## [Dataset records]
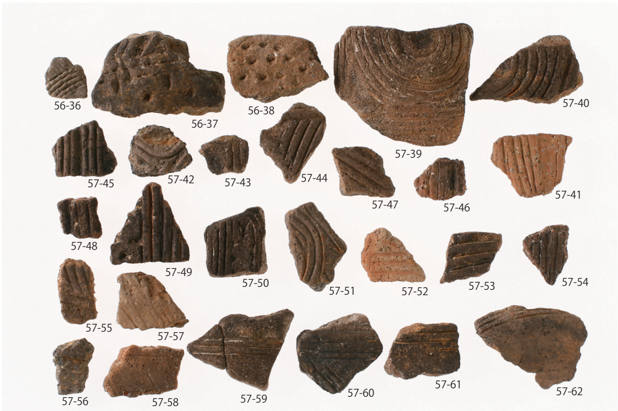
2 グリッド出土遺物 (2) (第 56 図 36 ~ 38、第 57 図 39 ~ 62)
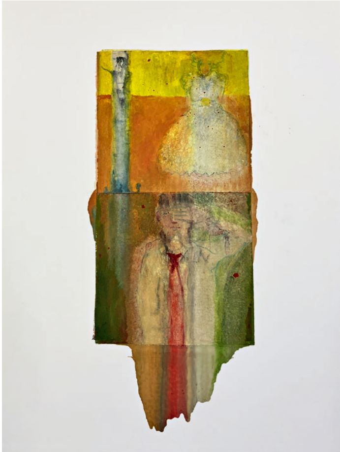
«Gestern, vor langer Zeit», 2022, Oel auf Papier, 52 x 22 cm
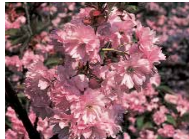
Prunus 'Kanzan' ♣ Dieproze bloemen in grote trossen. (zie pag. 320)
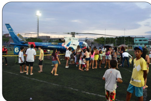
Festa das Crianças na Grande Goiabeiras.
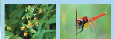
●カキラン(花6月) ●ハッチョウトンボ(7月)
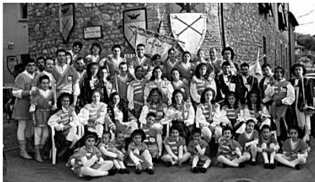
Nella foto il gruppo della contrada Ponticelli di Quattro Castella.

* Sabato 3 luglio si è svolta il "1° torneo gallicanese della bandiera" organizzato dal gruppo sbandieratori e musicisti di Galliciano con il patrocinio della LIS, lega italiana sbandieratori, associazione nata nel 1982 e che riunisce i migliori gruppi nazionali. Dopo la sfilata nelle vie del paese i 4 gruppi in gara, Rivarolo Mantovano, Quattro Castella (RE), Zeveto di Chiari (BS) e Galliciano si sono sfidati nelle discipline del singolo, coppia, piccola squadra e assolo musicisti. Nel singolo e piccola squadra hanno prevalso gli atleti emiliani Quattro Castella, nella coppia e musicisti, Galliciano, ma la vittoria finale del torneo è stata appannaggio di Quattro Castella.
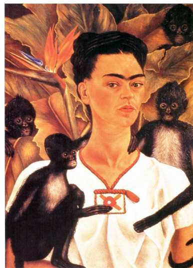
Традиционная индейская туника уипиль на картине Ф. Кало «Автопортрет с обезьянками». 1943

--

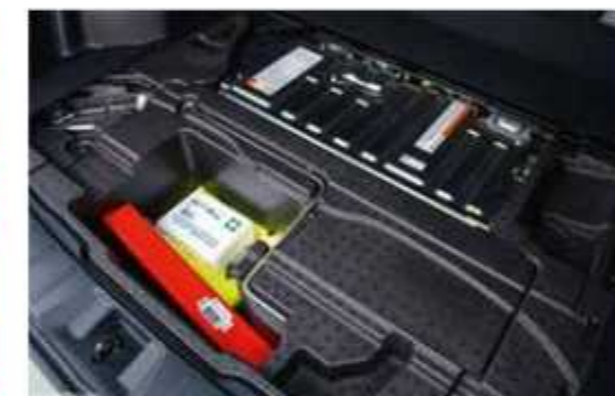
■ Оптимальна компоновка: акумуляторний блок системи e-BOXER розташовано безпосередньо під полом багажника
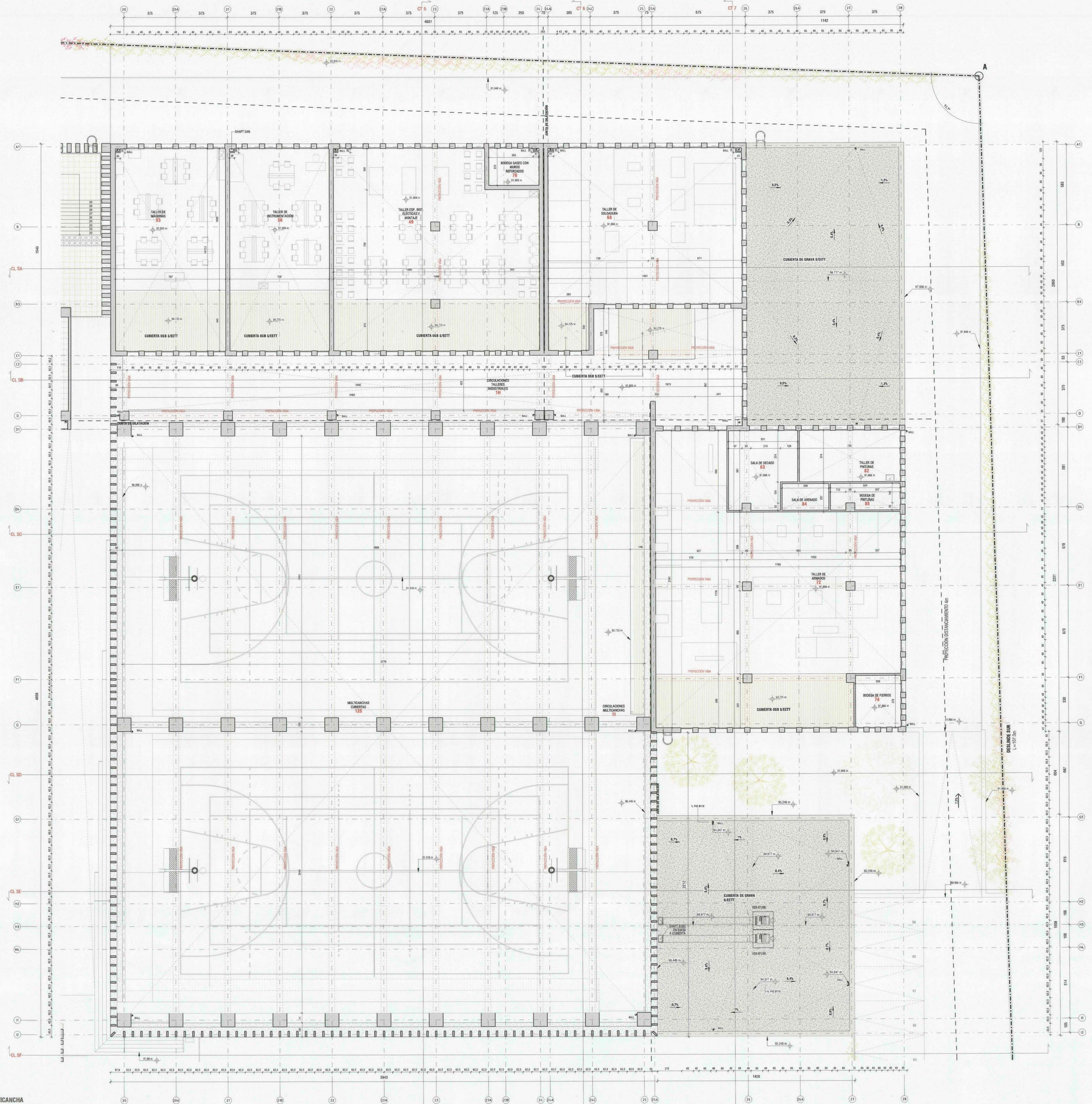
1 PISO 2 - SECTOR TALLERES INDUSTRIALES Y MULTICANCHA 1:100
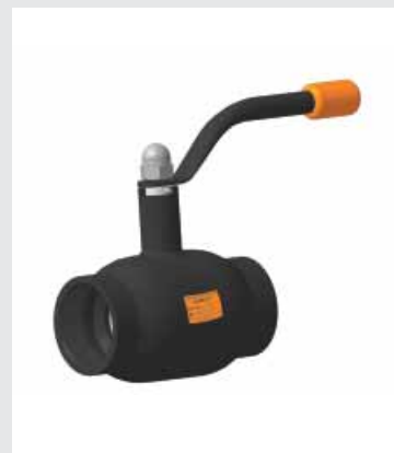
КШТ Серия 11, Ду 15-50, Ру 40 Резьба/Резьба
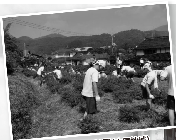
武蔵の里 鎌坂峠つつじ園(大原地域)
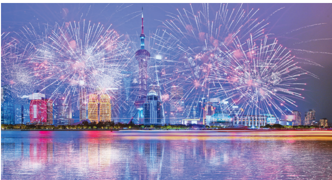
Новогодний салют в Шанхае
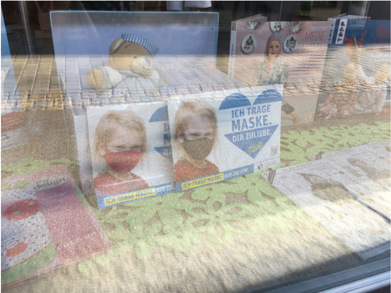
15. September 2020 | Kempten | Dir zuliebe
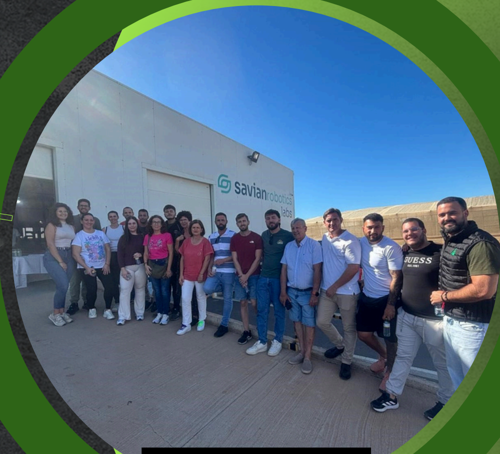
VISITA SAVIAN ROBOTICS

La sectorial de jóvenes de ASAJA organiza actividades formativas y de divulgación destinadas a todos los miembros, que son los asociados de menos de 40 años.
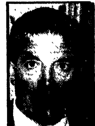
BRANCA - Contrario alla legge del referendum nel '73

--

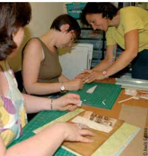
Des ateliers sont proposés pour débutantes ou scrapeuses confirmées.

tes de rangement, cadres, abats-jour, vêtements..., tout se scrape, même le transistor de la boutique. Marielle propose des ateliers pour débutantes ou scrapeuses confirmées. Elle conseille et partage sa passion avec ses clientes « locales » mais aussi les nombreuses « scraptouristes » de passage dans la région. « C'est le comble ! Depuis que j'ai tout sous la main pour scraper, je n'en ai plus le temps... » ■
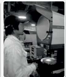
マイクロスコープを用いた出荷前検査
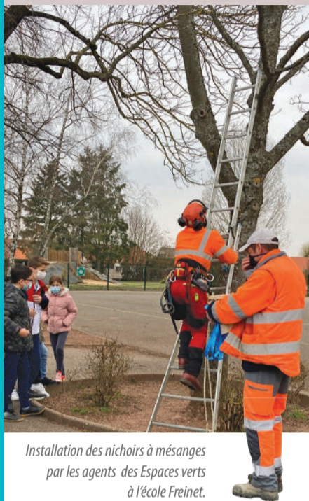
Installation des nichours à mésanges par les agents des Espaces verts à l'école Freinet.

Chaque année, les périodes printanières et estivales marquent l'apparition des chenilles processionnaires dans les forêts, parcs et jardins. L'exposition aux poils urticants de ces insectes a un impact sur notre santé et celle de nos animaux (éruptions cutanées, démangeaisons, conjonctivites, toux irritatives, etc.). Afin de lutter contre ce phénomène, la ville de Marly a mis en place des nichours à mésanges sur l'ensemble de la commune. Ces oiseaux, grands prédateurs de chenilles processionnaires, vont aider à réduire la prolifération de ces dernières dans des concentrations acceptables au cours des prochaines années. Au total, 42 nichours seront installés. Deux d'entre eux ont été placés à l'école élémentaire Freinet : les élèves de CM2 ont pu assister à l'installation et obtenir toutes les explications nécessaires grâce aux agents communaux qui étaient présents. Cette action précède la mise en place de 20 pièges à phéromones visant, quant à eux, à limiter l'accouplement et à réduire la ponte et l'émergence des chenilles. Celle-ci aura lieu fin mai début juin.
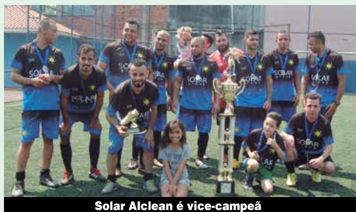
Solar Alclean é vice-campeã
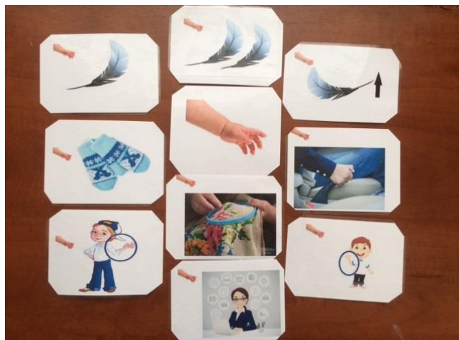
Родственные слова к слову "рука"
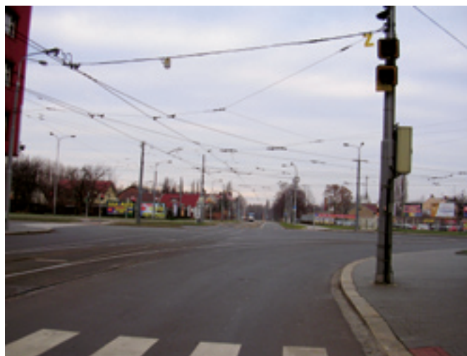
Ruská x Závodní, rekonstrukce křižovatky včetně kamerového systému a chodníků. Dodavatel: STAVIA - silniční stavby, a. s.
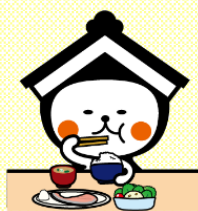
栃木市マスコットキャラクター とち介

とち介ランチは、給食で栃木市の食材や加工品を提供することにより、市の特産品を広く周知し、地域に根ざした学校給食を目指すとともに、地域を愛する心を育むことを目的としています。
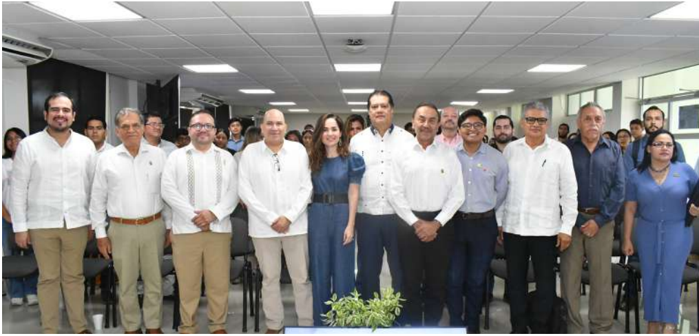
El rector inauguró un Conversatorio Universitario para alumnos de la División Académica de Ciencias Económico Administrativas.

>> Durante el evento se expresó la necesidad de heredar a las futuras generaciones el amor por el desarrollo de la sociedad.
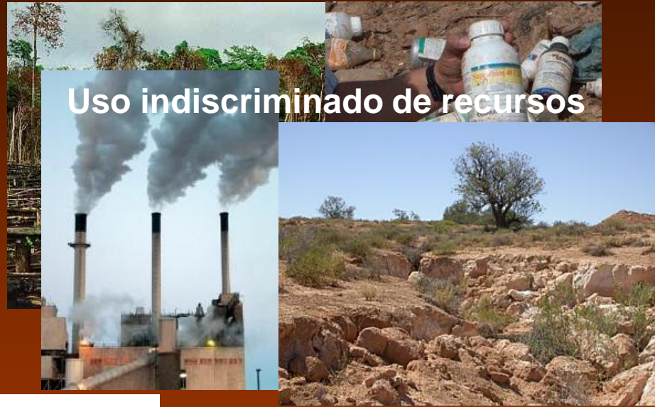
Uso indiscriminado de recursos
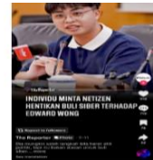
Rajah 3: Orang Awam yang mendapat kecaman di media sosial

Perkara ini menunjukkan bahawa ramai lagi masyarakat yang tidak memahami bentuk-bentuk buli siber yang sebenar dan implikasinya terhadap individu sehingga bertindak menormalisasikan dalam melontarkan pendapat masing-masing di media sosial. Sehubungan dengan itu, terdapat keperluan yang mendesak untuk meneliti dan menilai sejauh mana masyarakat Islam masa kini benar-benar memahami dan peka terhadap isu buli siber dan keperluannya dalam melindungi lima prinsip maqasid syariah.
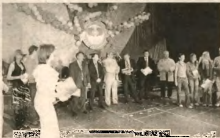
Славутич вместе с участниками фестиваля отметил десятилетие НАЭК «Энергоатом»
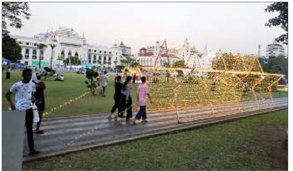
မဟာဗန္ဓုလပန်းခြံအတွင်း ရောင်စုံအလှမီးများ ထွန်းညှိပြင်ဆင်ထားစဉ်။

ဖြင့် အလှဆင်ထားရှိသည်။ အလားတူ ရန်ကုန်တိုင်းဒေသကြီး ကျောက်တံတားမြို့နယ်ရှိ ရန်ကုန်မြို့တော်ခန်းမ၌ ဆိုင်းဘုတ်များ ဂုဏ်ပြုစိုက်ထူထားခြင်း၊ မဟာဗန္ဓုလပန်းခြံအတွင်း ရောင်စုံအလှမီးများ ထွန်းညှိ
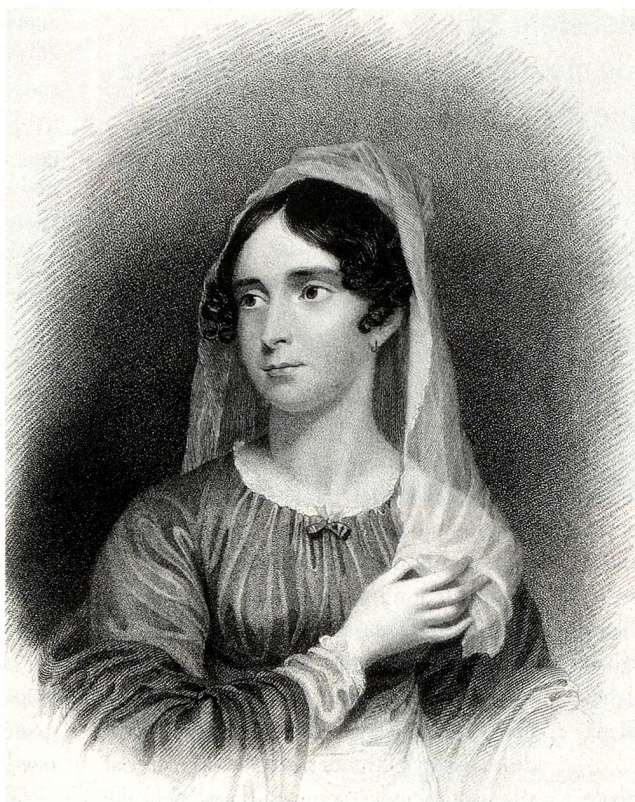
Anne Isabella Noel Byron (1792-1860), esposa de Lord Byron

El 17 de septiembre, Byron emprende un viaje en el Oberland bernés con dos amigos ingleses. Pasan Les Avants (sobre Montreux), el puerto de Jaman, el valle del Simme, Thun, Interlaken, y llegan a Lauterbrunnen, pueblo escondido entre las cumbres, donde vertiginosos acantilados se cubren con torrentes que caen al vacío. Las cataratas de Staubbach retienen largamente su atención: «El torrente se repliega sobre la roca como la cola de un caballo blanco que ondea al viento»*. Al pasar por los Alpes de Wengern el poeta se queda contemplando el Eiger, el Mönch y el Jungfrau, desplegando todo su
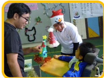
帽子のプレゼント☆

## [Task to carry out]
Only the lines above from the one containing "2 グリッド出土遺物 (2)" through the one containing "Nella foto il" should be returned, verbatim and inclusive, with pictures excluded.

## [Answer]
2 グリッド出土遺物 (2) (第 56 図 36 ~ 38、第 57 図 39 ~ 62)
«Gestern, vor langer Zeit», 2022, Oel auf Papier, 52 x 22 cm
Prunus 'Kanzan' ♣ Dieproze bloemen in grote trossen. (zie pag. 320)
Festa das Crianças na Grande Goiabeiras.
●カキラン(花6月) ●ハッチョウトンボ(7月)
Nella foto il gruppo della contrada Ponticelli di Quattro Castella.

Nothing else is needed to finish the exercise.